**What to do:**
Give the listing again word for word. Leave every image out.

--- Dataset content Enclosed Below ---

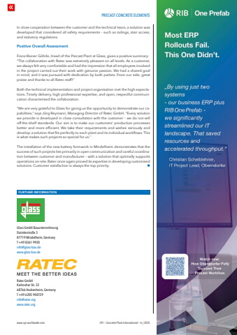 PRECAST CONCRETE ELEMENTSwww.cpi-worldwide.com CPI %u2013 Concrete Plant International %u2013 6 | 2025In close cooperation between the customer and the technical team, a solution was developed that considered all safety requirements %u2013 such as railings, stair access, and statutory regulations.Positive Overall AssessmentFranz-Rainer G%u00f6hrle, Head of the Precast Plant at Glass, gives a positive summary:%u201cThe collaboration with Ratec was extremely pleasant on all levels. As a customer, we always felt very comfortable and had the impression that all employees involved in the project carried out their work with genuine passion. We had a shared goal in mind, and it was pursued with dedication by both parties. From our side, great praise and thanks to all Ratec staff!%u201dBoth the technical implementation and project organisation met the high expectations. Timely delivery, high professional expertise, and open, respectful communication characterised the collaboration.%u201cWe are very grateful to Glass for giving us the opportunity to demonstrate our capabilities,%u201d says J%u00f6rg Reymann, Managing Director of Ratec GmbH. %u201cEvery solution we provide is developed in close consultation with the customer %u2013 we do not sell off-the-shelf standards. Our aim is to make our customers%u2019 production processes better and more efficient. We take their requirements and wishes seriously and develop a solution that fits perfectly to each plant and its individual workflows. This is what makes such projects so special for us.%u201dThe installation of the new battery formwork in Mindelheim demonstrates that the success of such projects lies primarily in open communication and careful coordination between customer and manufacturer %u2013 with a solution that optimally supports operations on-site. Ratec once again proved its expertise in developing customised solutions. Customer satisfaction is always the top priority. nFURTHER INFORMATIONGlass GmbH Bauunternehmung Daimlerstra%u00dfe 387719 Mindelheim, GermanyT +49 8261 9920 info@glass-bau.dewww.glass-bau.deRatec GmbH Karlsruher Str. 3268766 Hockenheim, Germany T +49 6205 940729 info@ratec.org www.ratec.org
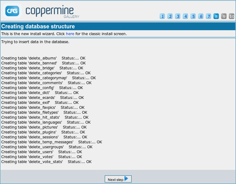 The database structure screen is for information only - there is nothing you can do to interact here. The screen shows the progress of the database operations performed to create the database tables for your gallery. If everything works as expected, you should see a couple of rows with a message like Creating table 'XXX' Status:... OK. If you don't get the status "OK" in each line, something went wrong and needs looking into. This is usually the case if the mysql user account you specified in the step "MySQL user authentication" doesn't have the needed privileges to create the tables. Another reason for failure can be lack of space in the database. In both cases you should contact your webhost for support.
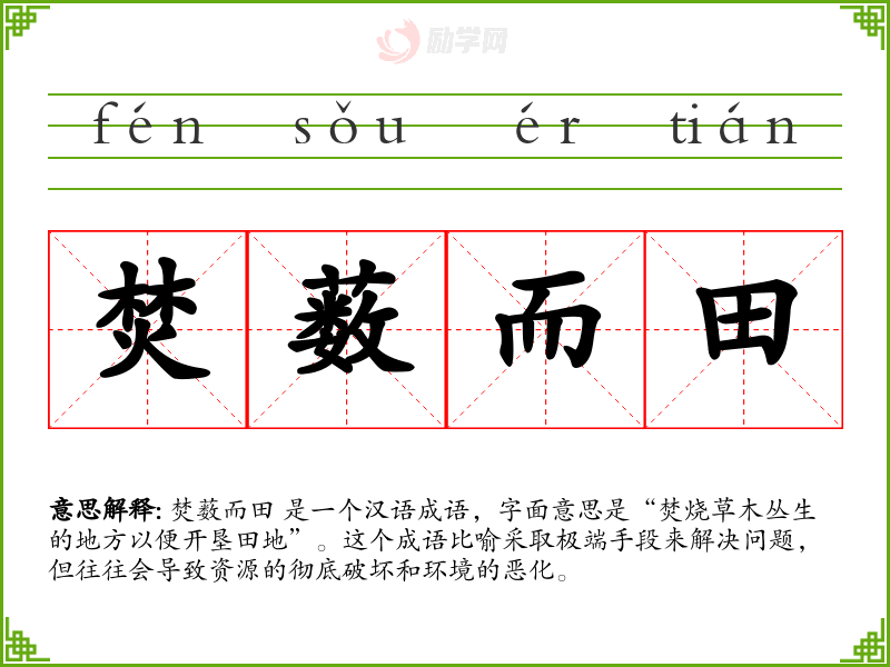 - 细微差别:这些词汇强调的是在发展过程中保护环境和资源的平衡,与焚薮而田 形成鲜明对比。
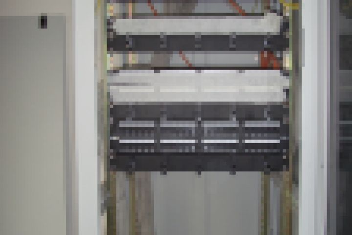 Большая территория офиса 2,3,4 этаж не позволяла использовать один центр коммутации, поэтому помимо главного кросса были оборудованы промежуточные центры коммутации, связанные с главным кроссом 8-ми волоконными многомодовым оптическим кабелям 50/125 мкм и многопарным кабелями «витая пара» 25 пар.По окончании монтажа проведено тестирование СКС на соответствие категории кабельным тестером FLUKE NETWORKS.

--- End of Enclosed Dataset content ---

**The answer:**
 PRECAST CONCRETE ELEMENTSwww.cpi-worldwide.com CPI %u2013 Concrete Plant International %u2013 6 | 2025In close cooperation between the customer and the technical team, a solution was developed that considered all safety requirements %u2013 such as railings, stair access, and statutory regulations.Positive Overall AssessmentFranz-Rainer G%u00f6hrle, Head of the Precast Plant at Glass, gives a positive summary:%u201cThe collaboration with Ratec was extremely pleasant on all levels. As a customer, we always felt very comfortable and had the impression that all employees involved in the project carried out their work with genuine passion. We had a shared goal in mind, and it was pursued with dedication by both parties. From our side, great praise and thanks to all Ratec staff!%u201dBoth the technical implementation and project organisation met the high expectations. Timely delivery, high professional expertise, and open, respectful communication characterised the collaboration.%u201cWe are very grateful to Glass for giving us the opportunity to demonstrate our capabilities,%u201d says J%u00f6rg Reymann, Managing Director of Ratec GmbH. %u201cEvery solution we provide is developed in close consultation with the customer %u2013 we do not sell off-the-shelf standards. Our aim is to make our customers%u2019 production processes better and more efficient. We take their requirements and wishes seriously and develop a solution that fits perfectly to each plant and its individual workflows. This is what makes such projects so special for us.%u201dThe installation of the new battery formwork in Mindelheim demonstrates that the success of such projects lies primarily in open communication and careful coordination between customer and manufacturer %u2013 with a solution that optimally supports operations on-site. Ratec once again proved its expertise in developing customised solutions. Customer satisfaction is always the top priority. nFURTHER INFORMATIONGlass GmbH Bauunternehmung Daimlerstra%u00dfe 387719 Mindelheim, GermanyT +49 8261 9920 info@glass-bau.dewww.glass-bau.deRatec GmbH Karlsruher Str. 3268766 Hockenheim, Germany T +49 6205 940729 info@ratec.org www.ratec.org
 The database structure screen is for information only - there is nothing you can do to interact here. The screen shows the progress of the database operations performed to create the database tables for your gallery. If everything works as expected, you should see a couple of rows with a message like Creating table 'XXX' Status:... OK. If you don't get the status "OK" in each line, something went wrong and needs looking into. This is usually the case if the mysql user account you specified in the step "MySQL user authentication" doesn't have the needed privileges to create the tables. Another reason for failure can be lack of space in the database. In both cases you should contact your webhost for support.
 - 细微差别:这些词汇强调的是在发展过程中保护环境和资源的平衡,与焚薮而田 形成鲜明对比。
 Большая территория офиса 2,3,4 этаж не позволяла использовать один центр коммутации, поэтому помимо главного кросса были оборудованы промежуточные центры коммутации, связанные с главным кроссом 8-ми волоконными многомодовым оптическим кабелям 50/125 мкм и многопарным кабелями «витая пара» 25 пар.По окончании монтажа проведено тестирование СКС на соответствие категории кабельным тестером FLUKE NETWORKS.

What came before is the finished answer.